Gary Davies took over as an interim host in February 2024, following Wright's death.

===Mark Goodier===
Goodier returned to the show to take over from Wright on a permanent basis from 6 July 2024, following his decision to leave Greatest Hits Radio. Goodier's first show featured 1986 and 1998. On 18 February 2025, it was announced that the show would move back to Sundays from 5-7pm, similar to the traditional timeslot of The Official Chart, from 4 May.

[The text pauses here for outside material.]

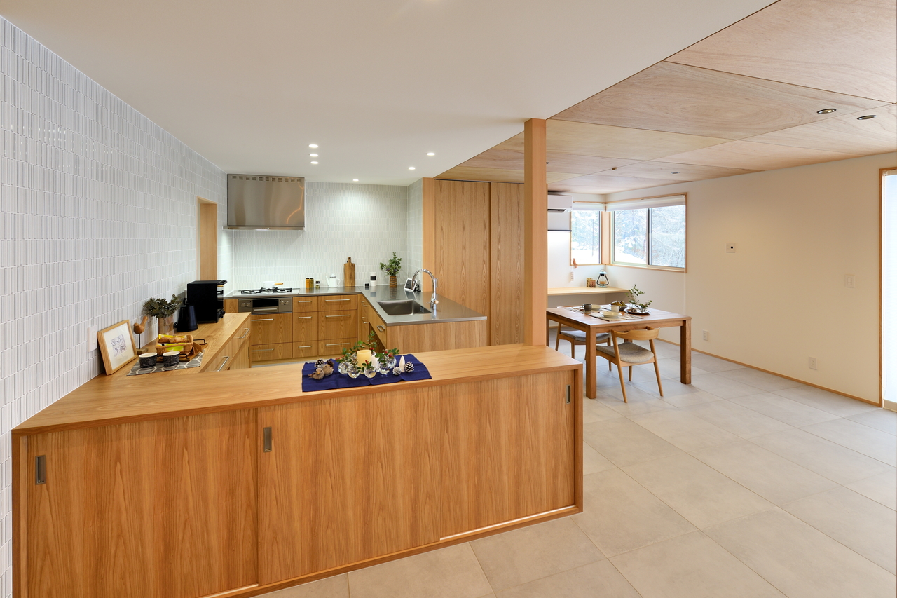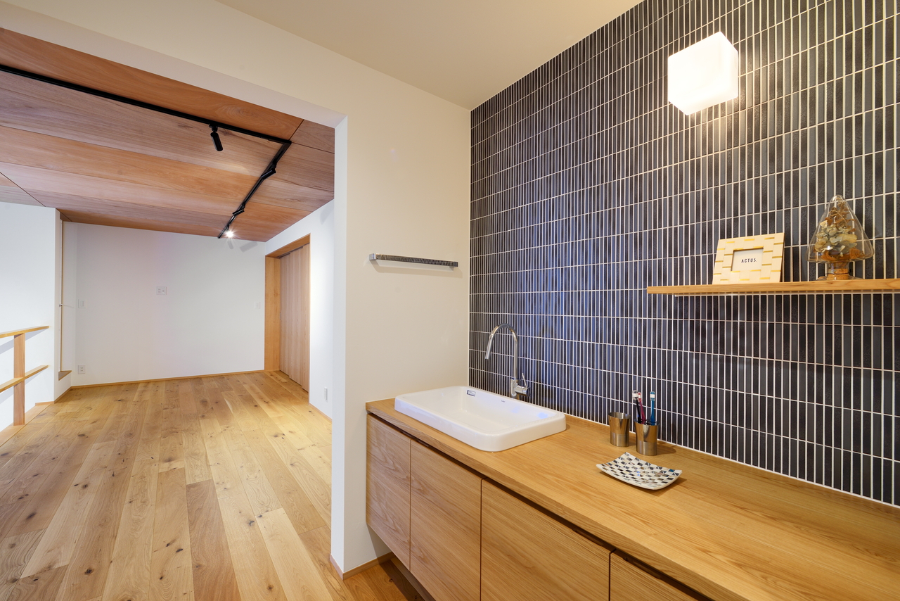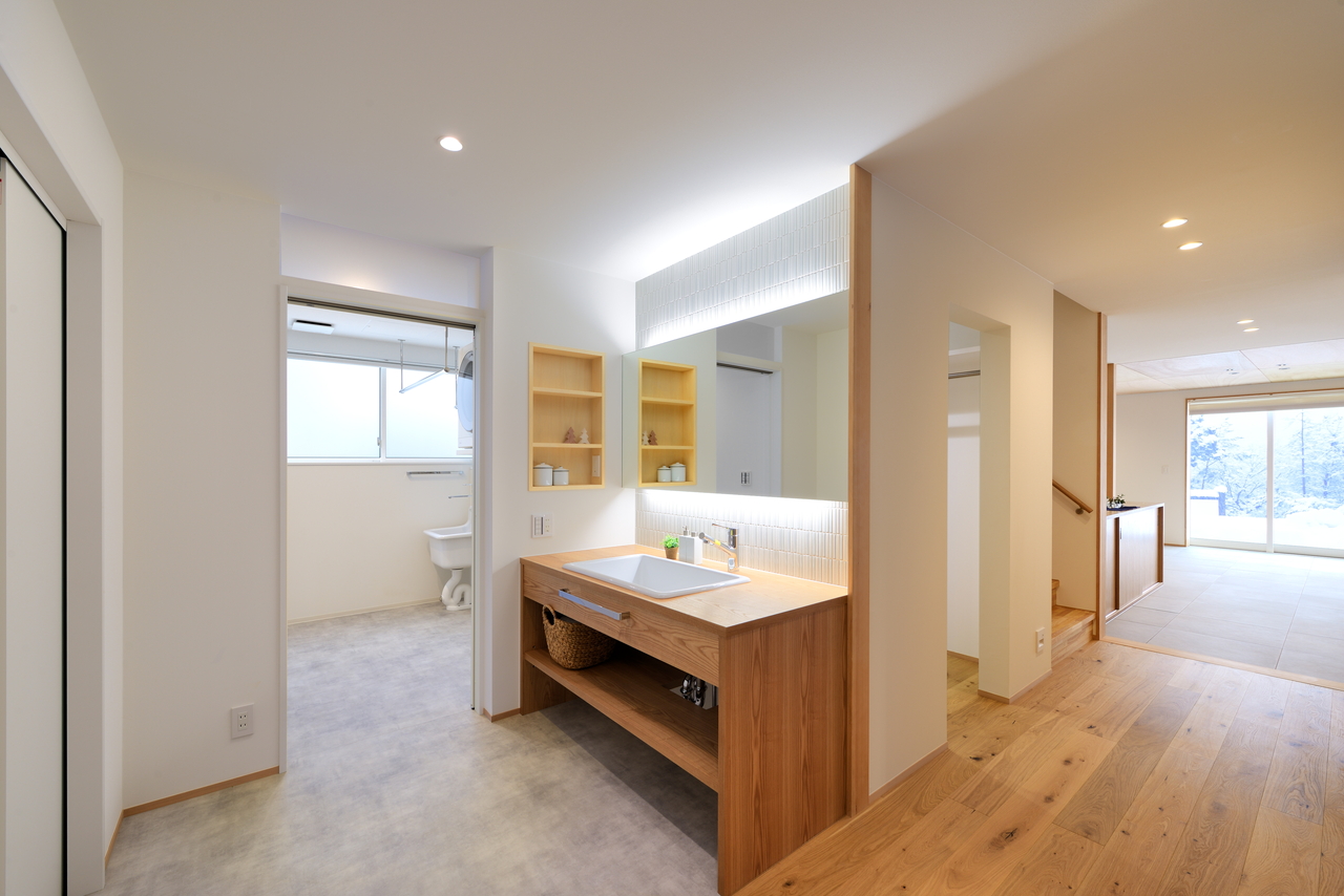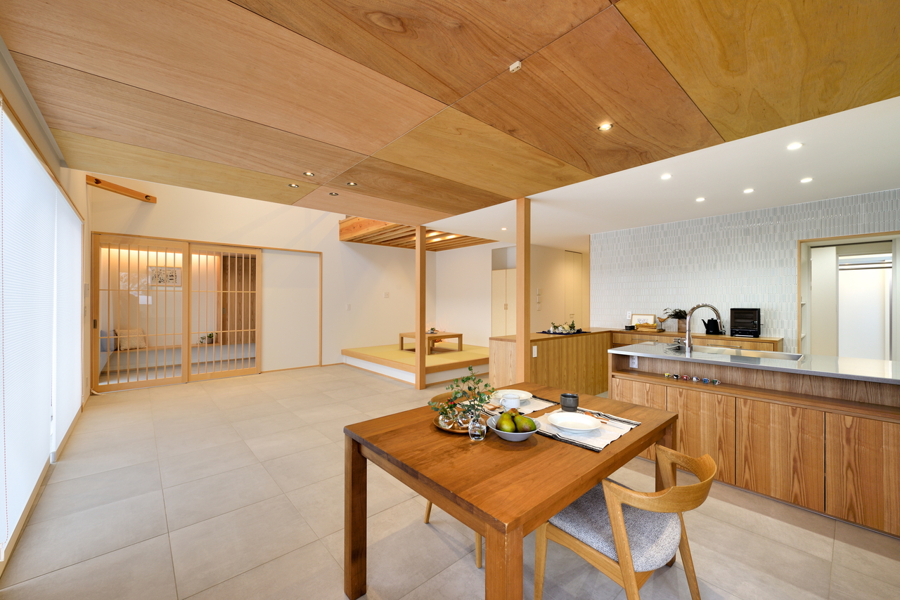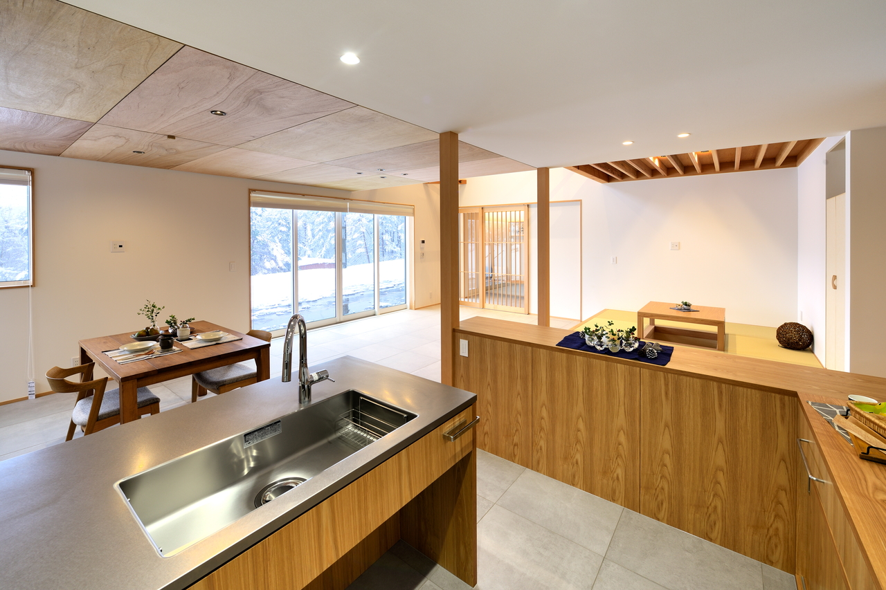 上を見上げれば1階と2階が溶け込む吹き抜けから

After 36 years, Unique Broadcasting ended its association with Pick of the Pops and the BBC took the show's production in-house.

==Presenters==
- Franklin Engelmann (1955)
- Alan Dell (1956 and 1957–58)
- David Jacobs (September 1956–September 1957; March 1958–September 1961; September–December 1962)
- Don Moss (September–December 1963)
- Alan Freeman (September 1961–September 1962; January-September 1963; January 1964–1 April 2000)
- Dale Winton (1 April 2000–30 October 2010)
- Tony Blackburn (6 November 2010–20 February 2016)
- Paul Gambaccini (9 July 2016–7 October 2023)
- Steve Wright (National Album Day specials, 15 October 2022; 21 October 2023–10 February 2024)
- Mark Goodier (July 2024–present).

===Interim presenters and stand-ins===
- Mark Goodier (interim host between Blackburn's departure and Gambaccini's arrival, 27 February 2016–2 July 2016; two shows as stand-in cover for Gambaccini in January and February 2018)
- Noel Gallagher (one show stand-in cover for Gambaccini, 29 May 2021)
- Gary Davies (three shows as stand-in cover for Gambaccini, 21 and 28 August 2021, 2 July 2022; interim host between Wright's death and Goodier's return, 17 February–29 June 2024)
- Scott Mills (one show as stand-in cover for Gambaccini, 16 April 2022).

==Theme music==
Between 1961 and 1966, the theme tune was "At the Sign of the Swingin' Cymbal", which was written and performed by Brian Fahey and his orchestra. In 1966, it was replaced with "Quite Beside The Point" by the Harry Roberts Sound, but was reinstated in 1970 with a new recording by Brass Incorporated.